Tuesday, February 17, 2009

It's So Easy, Even Nothing Can Do it


AAAS: 'One hundred billion trillion' planets where alien life could flourish

One hundred billion trillion. That's even more than the spending package congress just passed.

Alan Boss, of the Carnegie Institution in Washington DC, said there could be as many Earths as there are stars in the universe - one hundred billion trillion.

Because of this, he believes it is "inevitable" that life must have flourished elsewhere over the billions of years the universe has existed.

"If you have a habitable world and let it evolve for a few billion years then inevitably some sort of life will form on it," said Dr Boss.

"It is sort of running an experiment in your refrigerator - turn it off and something will grow in there.

"It would be impossible to stop life growing on these habitable planets."

Is this guy a scientist? How can you compare life forming on a planet somewhere in the universe to an unplugged refrigerator? Life already exists in and around the fridge so it's not such a big deal to find it growing and multiplying in the now warmer microclimate of the warm fridge.
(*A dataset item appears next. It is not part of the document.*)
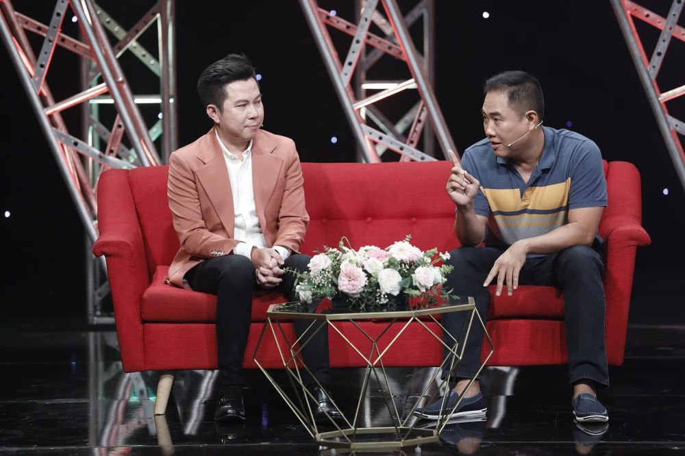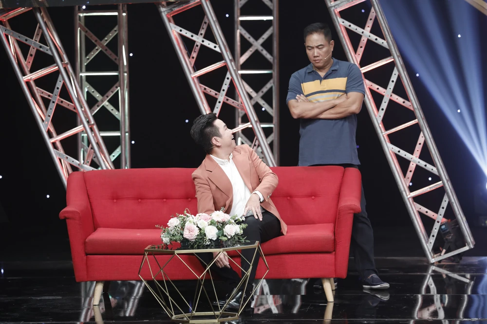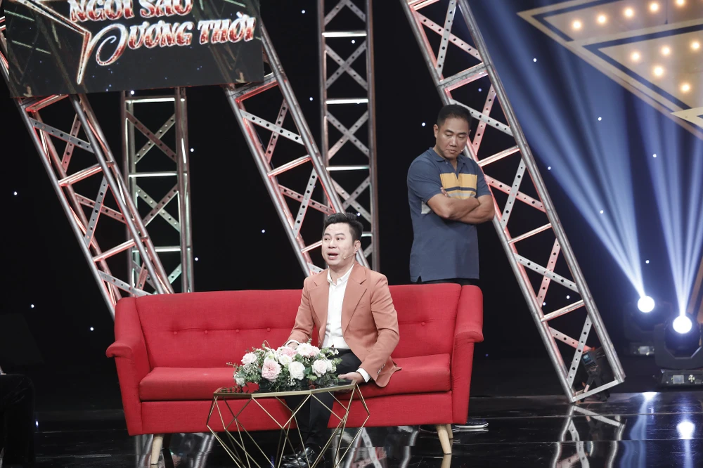 Nhạc sĩ Minh Vy bất ngờ xuất hiện và “nghe lén” cuộc trò chuyện của Quốc Đại và MC Thanh Bạch. Ảnh: SEN VÀNG

That's vastly different than life forming in the universe when none had yet existed. Slightly different circumstances those.

Life from non-life. That's about as big a jump as the universe exploding out of nothing. It's not a gap we can bridge.

I'm not saying it is impossible for there to be life out there of some sort or another - I don't know, and neither do they - but it didn't just spontaneously form on it's own. Give the Creator His due.